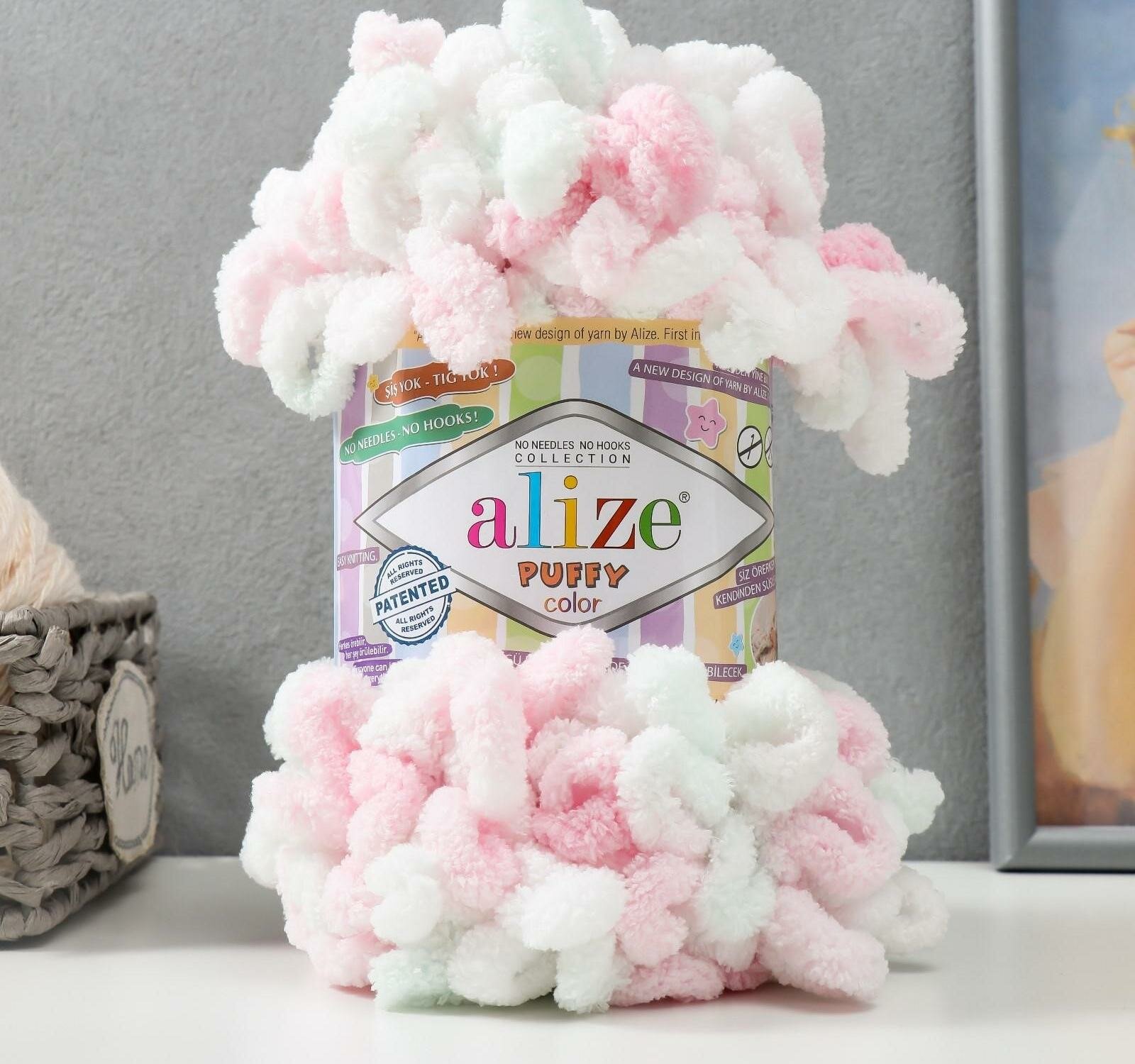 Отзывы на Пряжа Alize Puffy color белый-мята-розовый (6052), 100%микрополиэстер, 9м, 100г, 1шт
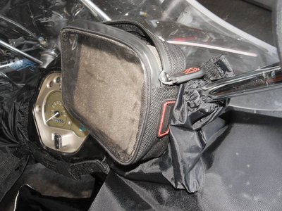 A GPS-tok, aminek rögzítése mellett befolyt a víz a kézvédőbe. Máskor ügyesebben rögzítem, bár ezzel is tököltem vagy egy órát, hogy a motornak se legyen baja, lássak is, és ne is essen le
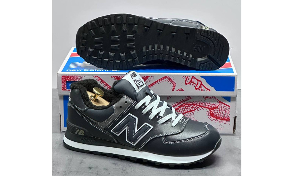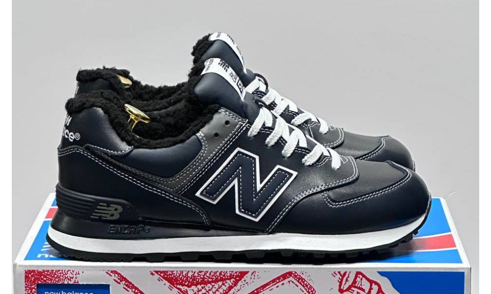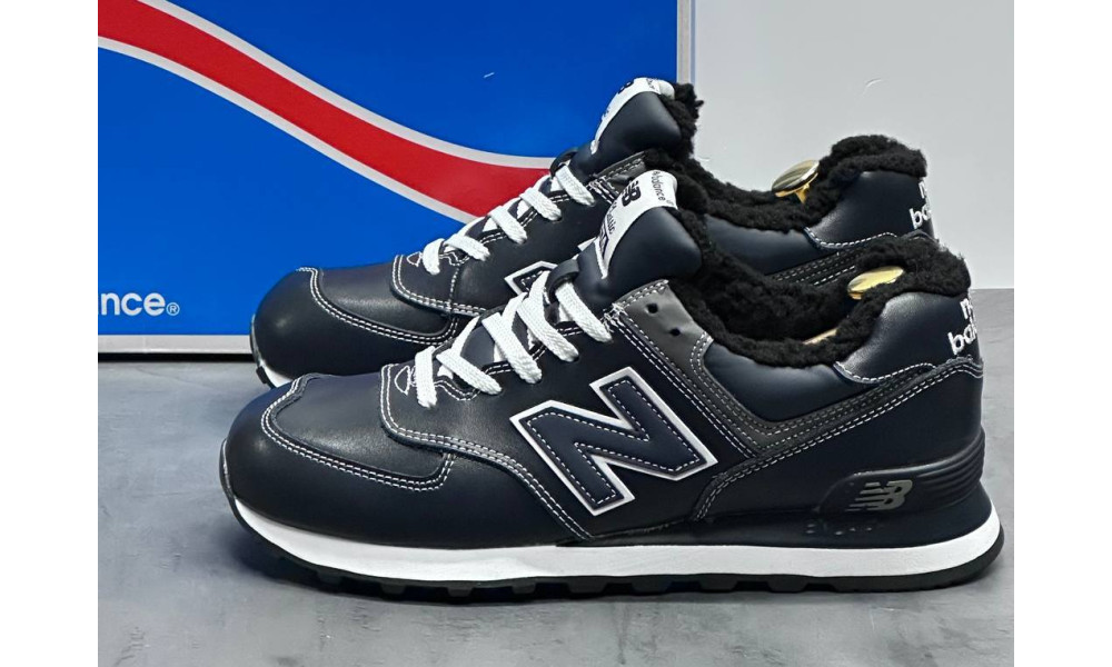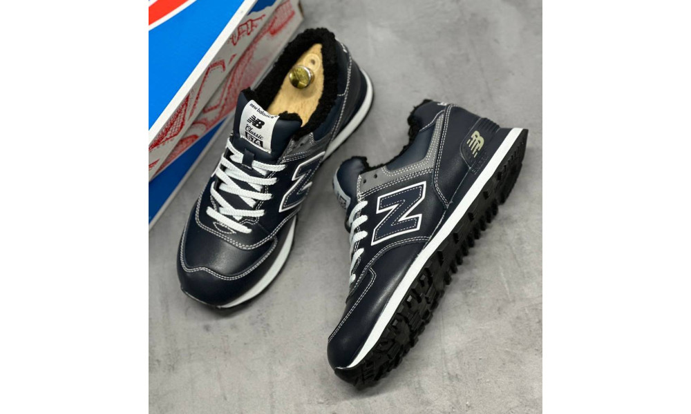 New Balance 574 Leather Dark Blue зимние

--- ASSIGNMENT ---
Your reply should hold exactly the lines from the line containing "A GPS-tok, aminek" through the final line of the listing, and none of the pictures.

--- RESPONSE TO THIS TASK ---
 A GPS-tok, aminek rögzítése mellett befolyt a víz a kézvédőbe. Máskor ügyesebben rögzítem, bár ezzel is tököltem vagy egy órát, hogy a motornak se legyen baja, lássak is, és ne is essen le
 New Balance 574 Leather Dark Blue зимние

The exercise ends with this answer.